If things truly worked that way, she’d hang up a sign reading SHOPLIFTING-FREE ZONE or IMPULSE-BUYING ZONE. The businesses on either side of her agreed to display the new signs and now regard Ronnie’s shoe store as a haven for the disgruntled.
October 19, 2001
New York
The flags are much larger uptown. On 5th Avenue they’re big enough to cover football fields. Walk down the street and you hear someone playing “The Star-Spangled Banner” on a trumpet, competing with the guy across the street who’s pounding out “America the Beautiful” on one of those Caribbean oil drums.
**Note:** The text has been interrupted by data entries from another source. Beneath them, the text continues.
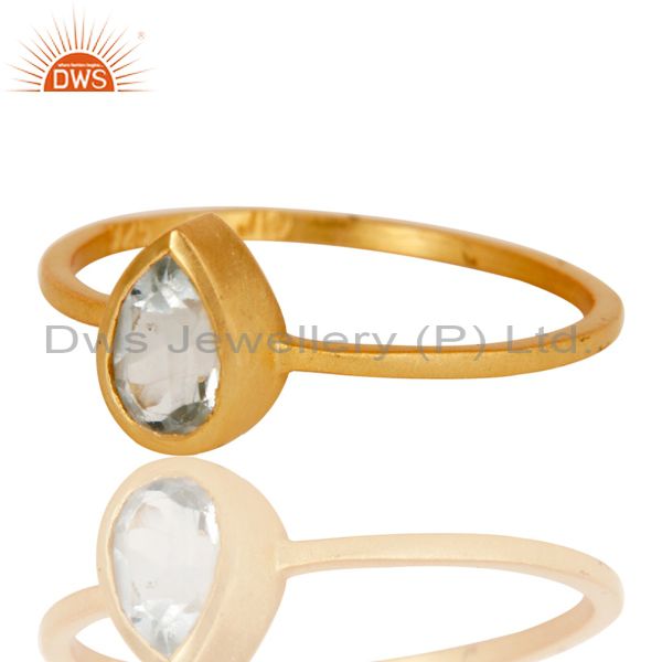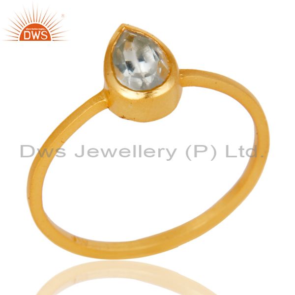 18k Gold Plated Sterling Silver Blue Topaz Gemstone Stacking Ring
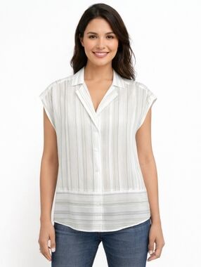Add effortless style to your wardrobe with this Roz & Ali short sleeve blouse. Featuring a vibrant red, navy, and white paisley-inspired geometric print, this top is designed with front pleats that create a flattering fit-and-flare silhouette. The scoop neckline and lightweight, flowy fabric make it perfect for all-day comfort.
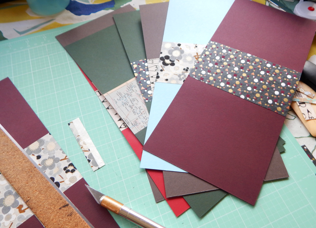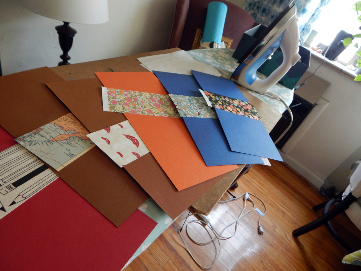 I make the covers out of various types of card stock, from the type you get at the craft store to the heavy duty stuff in big sheets from the art store. For the ones I made recently I added some decorative paper to add interest and to reinforce the spine. Wonder Under is an excellent adhesive for this! The covers are pre-folded and then I start the binding process.
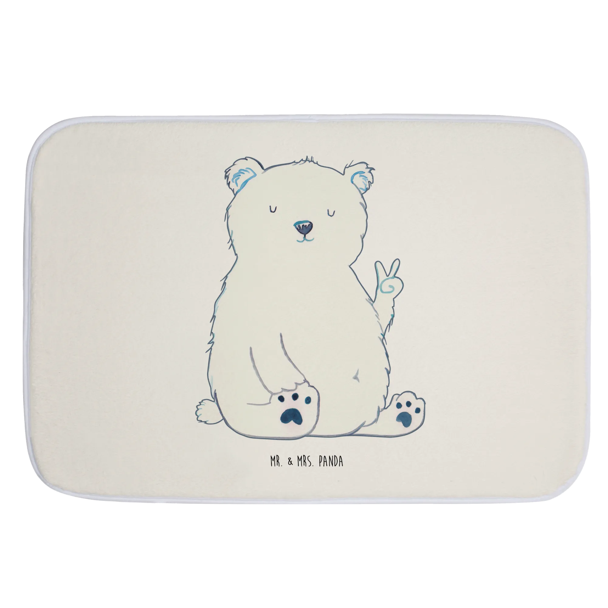 Du suchst nach dem perfekten Badvorleger für dein Badezimmer? Der Badvorleger Eisbär Faul von Mr. & Mrs. Panda ist genau das Richtige für dich! Mit einem besonders süßen Motiv eines Eisbären, der das Peace-Zeichen zeigt, zaubert dieser Badezimmerteppich ein Lächeln in dein Gesicht. Die Kombination aus flauschiger Premium Kunstfaser und einer rutschfesten Gummibeschichtung sorgt nicht nur für einen tollen Look, sondern auch für Sicherheit, wenn du aus der Dusche steigst.

What’s missing are the tourists who would normally stop to listen. It’s not exactly dead, but most of the people who are out and about seem to have business here. Shops are hurting, and when you enter a store the salesclerks fall all over you. Buying things you don’t want or need has become a patriotic duty, so I went to Barneys and got a tie.
October 20, 2001
Wilkes-Barre, Pennsylvania
Where do I start with Wilkes-Barre? My hotel is located on the town square, which is bedecked with hanging electric flags, these interspersed with regular cloth versions the size of beach towels. They hang from wires, lampposts, and a huge metal armature built to support the dozens of speakers used to broadcast a looped tape of patriotic songs and marches. I arrived to “The Battle Hymn of the Republic,” which was followed by “God Bless America,” “America the Beautiful,” and, strangely enough, “Dixie.” After these came a number of marches, including the song played when the president enters the room and something I recall hearing once on a coffee commercial. When finished, the tape returned to “The Battle Hymn of the Republic” and started all over again. The hotel feels like an indoctrination center.
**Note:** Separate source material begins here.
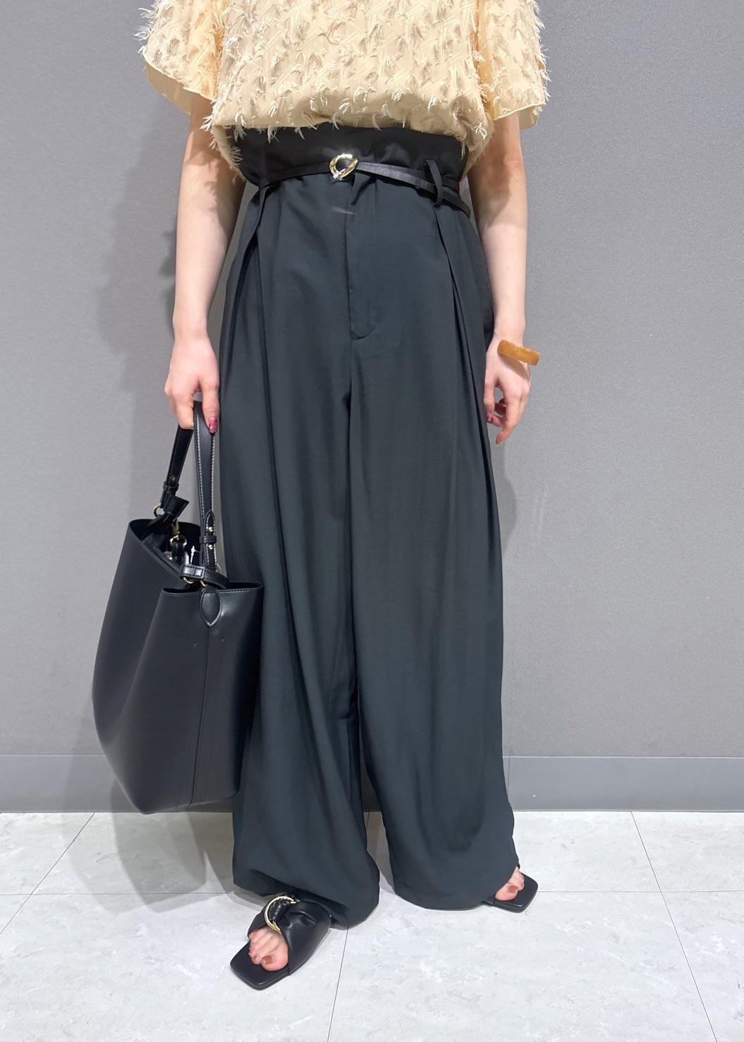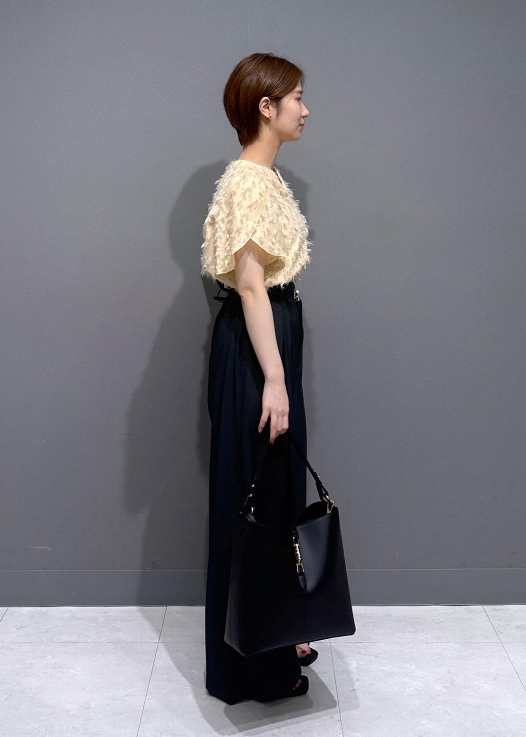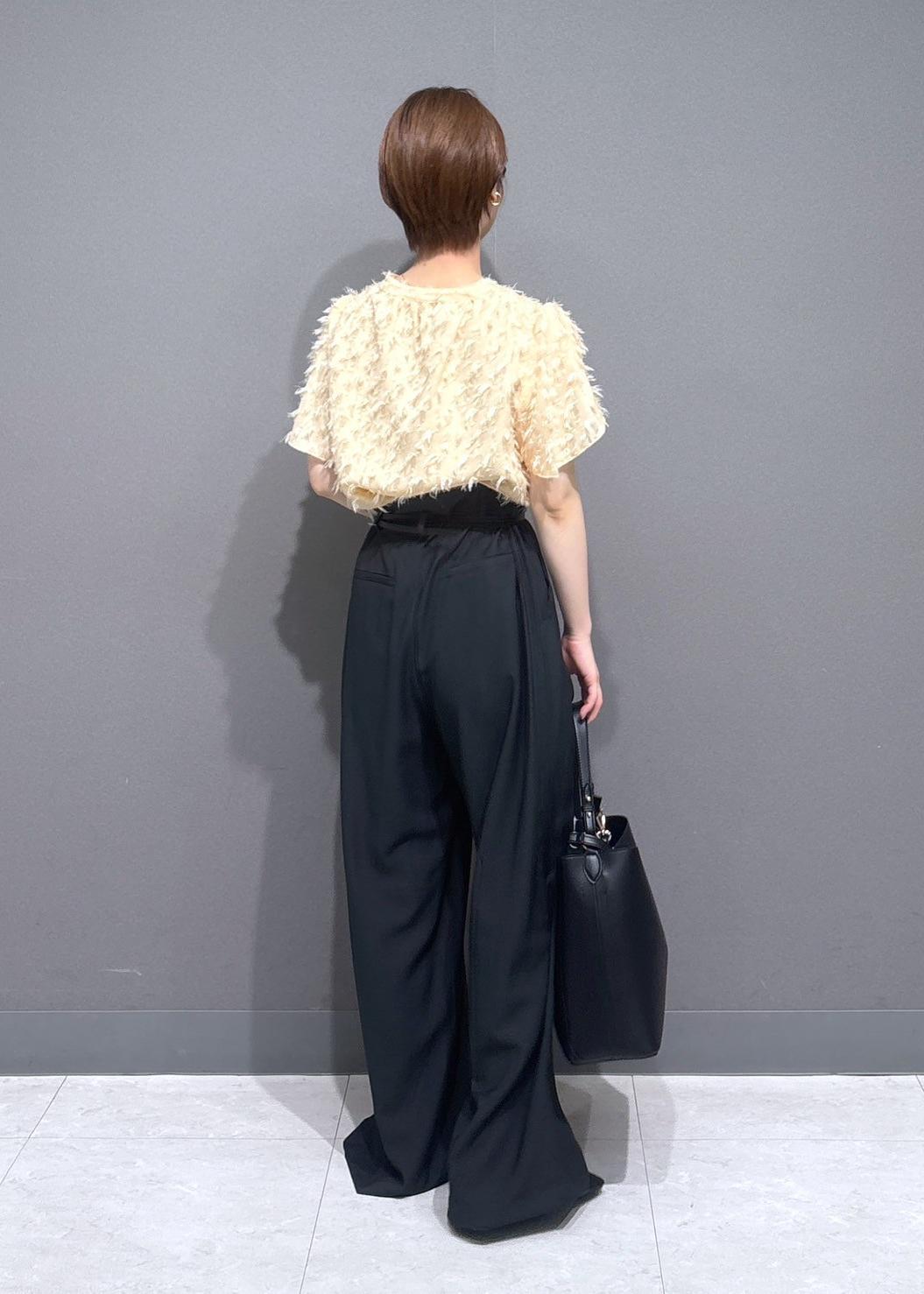 ハイウエストのワイドパンツと合わせてエレガントな印象に。

“Our mayor is crazy,” everyone says. “He’s completely lost his mind.” Wilkes-Barre is shut tight by six o’clock, but still the music blares, playing for an audience of no one.
October 23, 2001
Allentown, Pennsylvania
As part of yesterday’s program I met with students at the local college. Normally I try to get out of things like that, but I wound up having a good time, mainly, I think, because of the teacher, a bearded forty-eight-year-old named Alec. He met me at the airport and after the reading we joined a few of his colleagues for dinner. One of them was a papal scholar who told us that in the eighteenth century, the Catholic Church canonized a dog. Alec asked if that would be Saint Bernard and, though it was corny, I can’t remember the last time I laughed that hard.
October 31, 2001
Cincinnati, Ohio
On CNN I watched a discussion about post-9/11 America. One of the panelists was the editor of Good Housekeeping, who reflected our new seriousness by placing the Stars and Stripes atop the traditional gingerbread house gracing the December cover. This is the sort of bullshit CNN is becoming famous for. I looked at this woman, thinking, Just…get the fuck off my TV.